» **Record excerpts**
#####
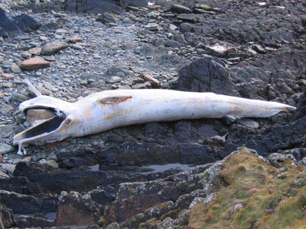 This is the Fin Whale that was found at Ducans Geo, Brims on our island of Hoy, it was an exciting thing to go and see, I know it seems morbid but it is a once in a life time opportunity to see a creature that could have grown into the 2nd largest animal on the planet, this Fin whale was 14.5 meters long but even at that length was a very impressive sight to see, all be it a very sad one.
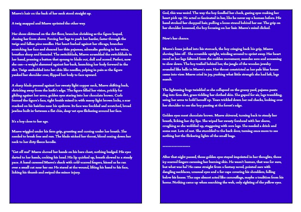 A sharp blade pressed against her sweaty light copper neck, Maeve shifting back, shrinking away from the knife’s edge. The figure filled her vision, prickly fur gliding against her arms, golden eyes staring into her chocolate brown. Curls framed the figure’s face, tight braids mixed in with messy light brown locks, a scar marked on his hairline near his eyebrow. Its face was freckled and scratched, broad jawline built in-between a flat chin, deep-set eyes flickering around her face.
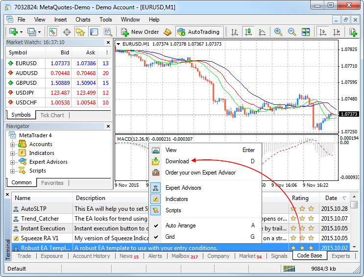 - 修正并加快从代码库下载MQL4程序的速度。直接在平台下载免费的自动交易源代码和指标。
#####
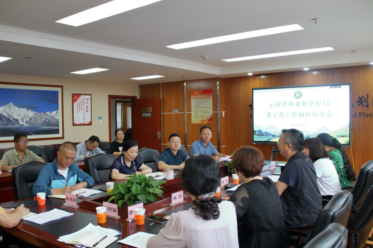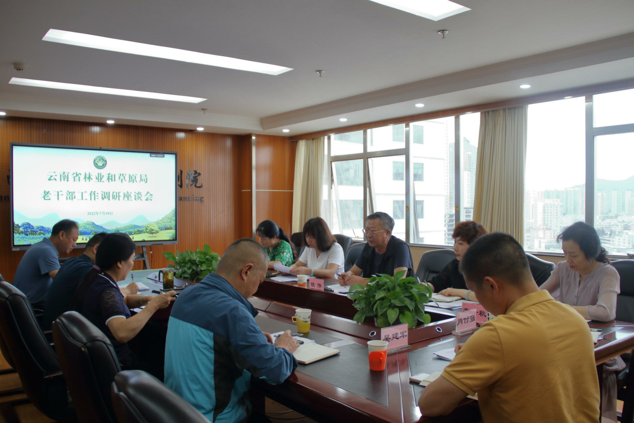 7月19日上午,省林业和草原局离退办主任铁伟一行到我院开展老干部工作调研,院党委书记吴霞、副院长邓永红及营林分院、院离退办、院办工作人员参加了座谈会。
#####
» **Task details**
Take the entries above and copy exactly the lines starting at the one with "A sharp blade" and ending at the one with "- 修正并加快从代码库下载M"; nothing outside that span, and no pictures.

» **Solution to the exercise**
 A sharp blade pressed against her sweaty light copper neck, Maeve shifting back, shrinking away from the knife’s edge. The figure filled her vision, prickly fur gliding against her arms, golden eyes staring into her chocolate brown. Curls framed the figure’s face, tight braids mixed in with messy light brown locks, a scar marked on his hairline near his eyebrow. Its face was freckled and scratched, broad jawline built in-between a flat chin, deep-set eyes flickering around her face.
 - 修正并加快从代码库下载MQL4程序的速度。直接在平台下载免费的自动交易源代码和指标。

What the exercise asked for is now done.